Additionally, models have hyperparameters. A hyperparameter is a value that does not appear in the formal model but that was used in its training. For example, some models are trained by viewing the training samples in a sequence and updating the model parameters after each sample. For such a model, the order in which the samples are shown to the model is a hyperparameter. It may have an effect on the final model parameters, but it isn’t part of the model itself. As we go through the methods in this section, we will discuss the hyperparameters involved in training them alongside the details of the methods themselves. When a method has many hyperparameters, it can be important to use additional layers of cross validation, which we will discuss in Lesson 3.

The Bias / Variance Tradeoff#

In this section, we consider a variety of supervised learning models, each of which has a set of internal parameters. The models are each trained using a dataset containing examples of model inputs paired with correct outputs, both of which can contain noise. When we train a model, the noise inherent in the dataset contributes to the irreducible error: noise that cannot be explained because it is inherently noise and not signal. If we train a model using any particular dataset, which in the real world will always contain noise, how well the model performs will in part depend on the model’s complexity. If the model is very simple, then, after training, it is more likely to exhibit bias, meaning that it adheres to its assumptions rather than the data on which it was trained. Such a model is underfit. On the other hand, a complex model is likely to exhibit variance, which has a slightly different meaning in this context than that of “the variance of a dataset”. In this context, the variance refers to a complex model’s ability to fit data so well that it even fits the noise. Such a model is overfit. In our earlier example, the 4th degree polynomial perfectly fit the noise in the measurements and thus was exhibiting high variance.

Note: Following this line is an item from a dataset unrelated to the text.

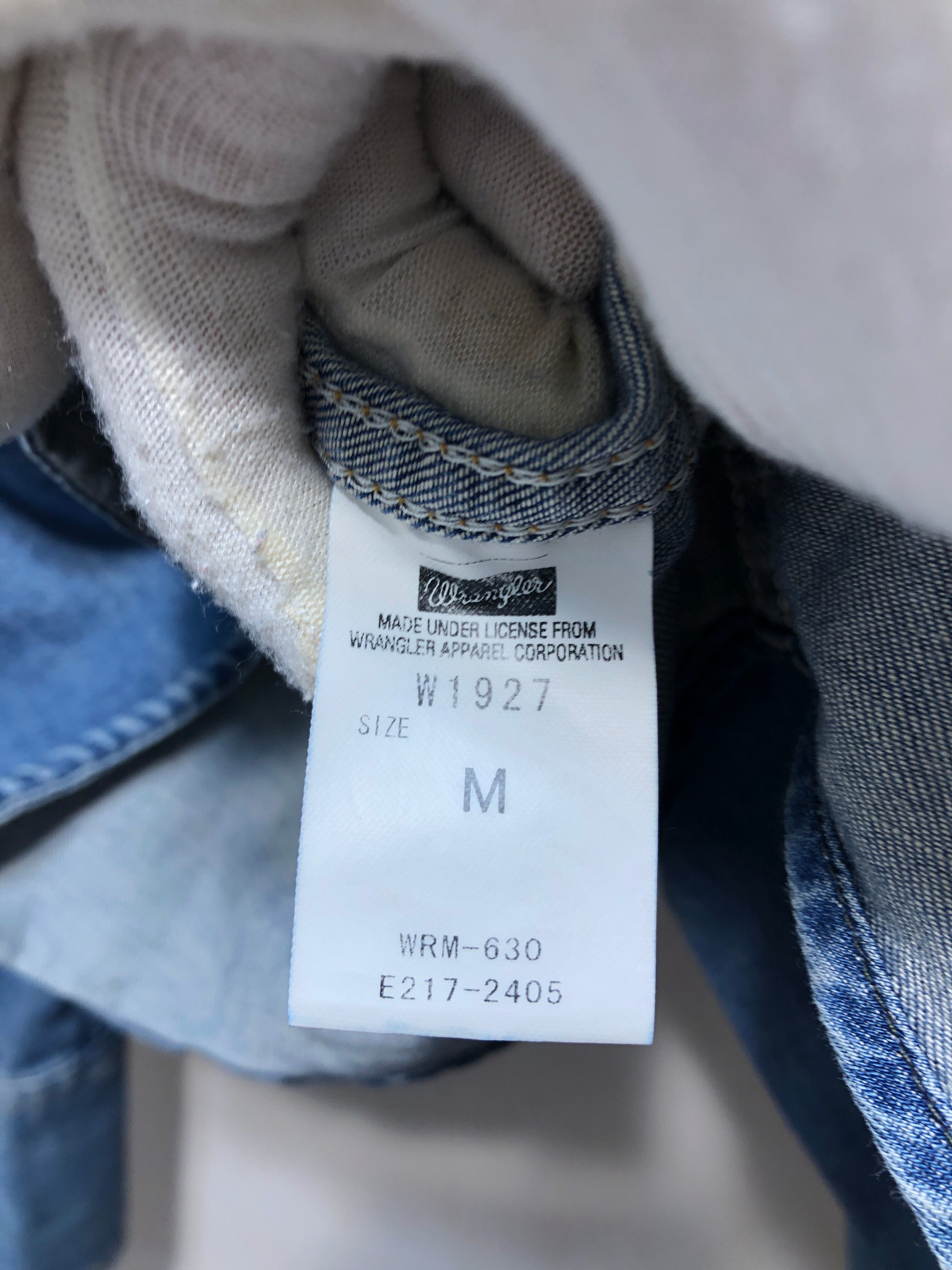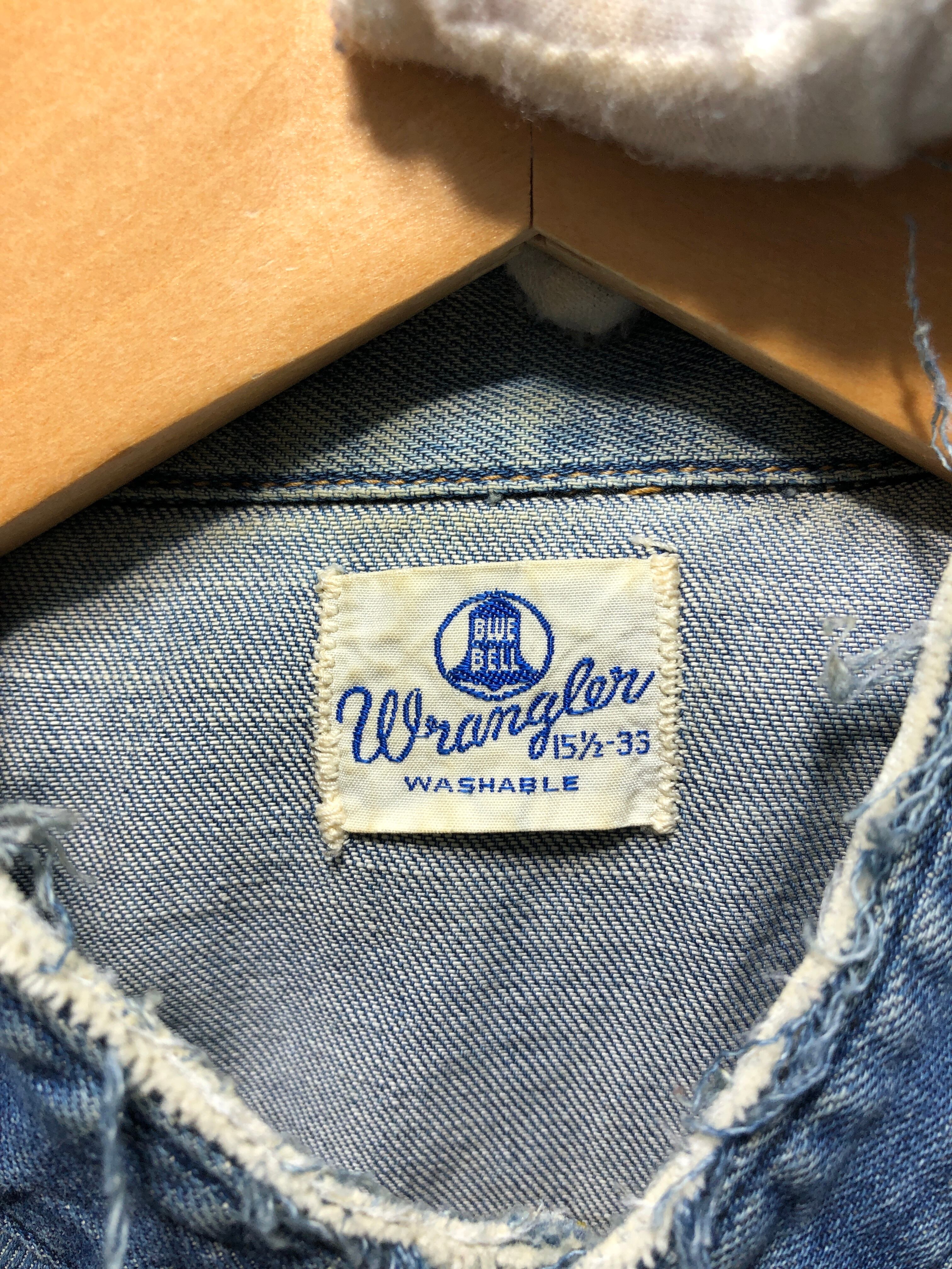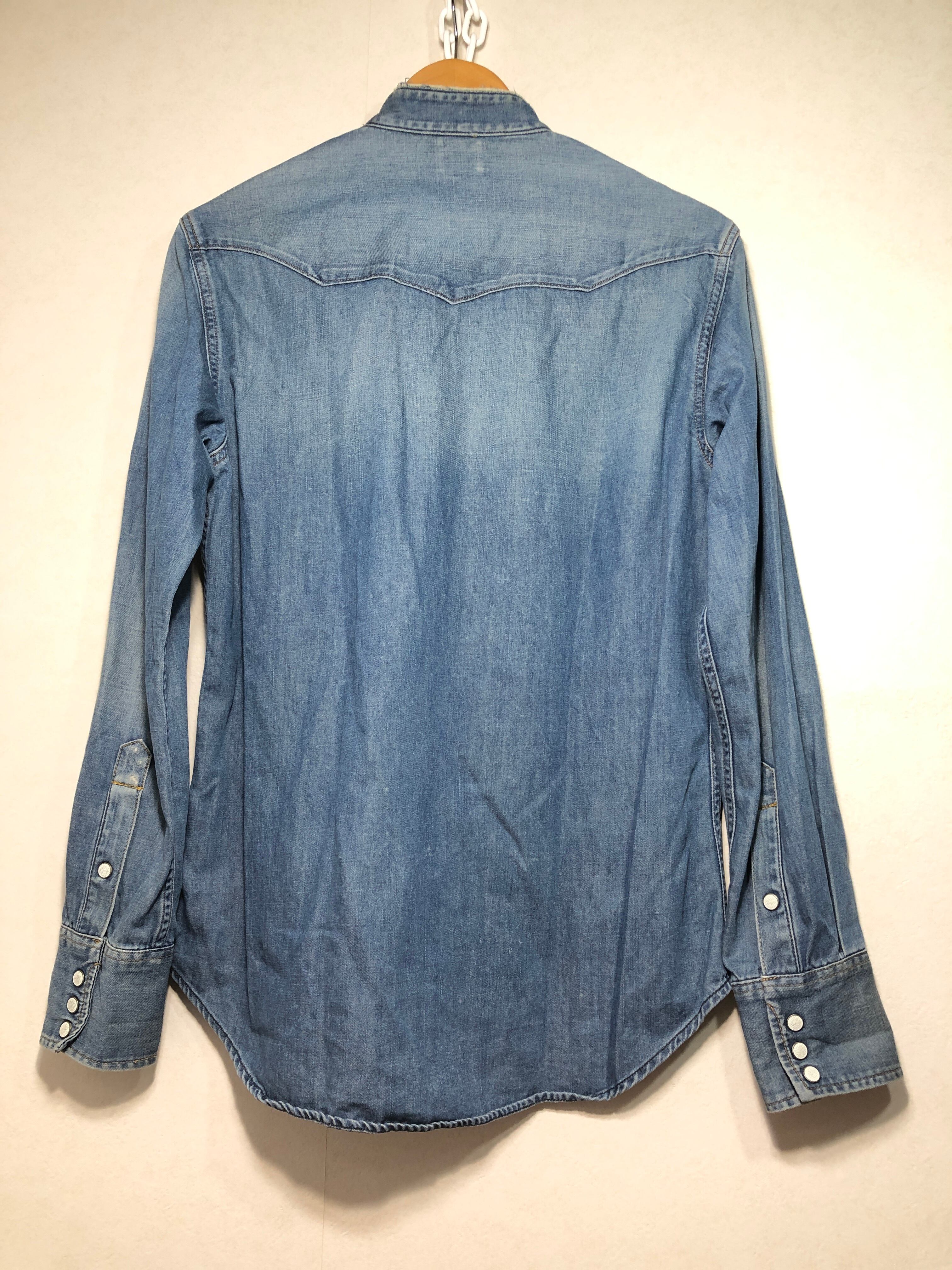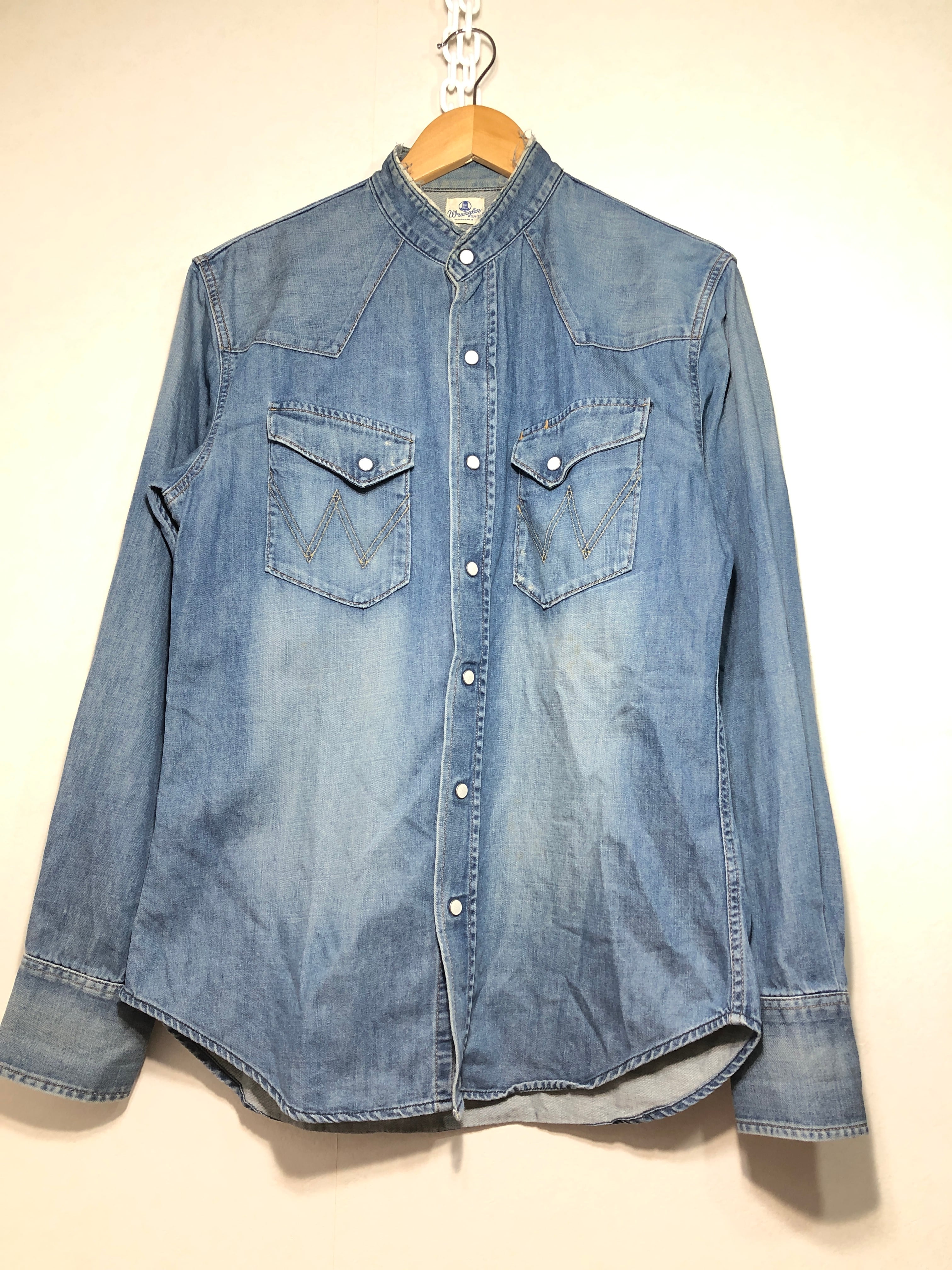 012032 wrangler W1927 長袖 デニム ウエスタン シャツ M ダメージ加工 ラングラー

In general, there is a tradeoff between the bias of a model and its variance. For a given dataset, a very simple model like the model \(f(x; m) = m\) we saw earlier will exhibit bias. If we make the model slightly more complex, such as \(h(x; m, b) = m \, x + b\), and fit that model to the same dataset, the model becomes slightly more likely to exhibit variance. If the dataset actually measured a constant value with respect to \(x\), just with some noise in each measurement (i.e., the model \(f\) is closer to the truth in this case), then it is likely that the model \(h\) will find a small non-zero parameter for \(m\) due to noise.

The more complex the model, the mode likely it is to exhibit variance, but the appropriate model complexity is different for every problem and often must be determined experimentally by fitting several models of different complexity. In such cases, starting with the simplest plausible model and progressively testing more complex models using cross validation is a good general approach.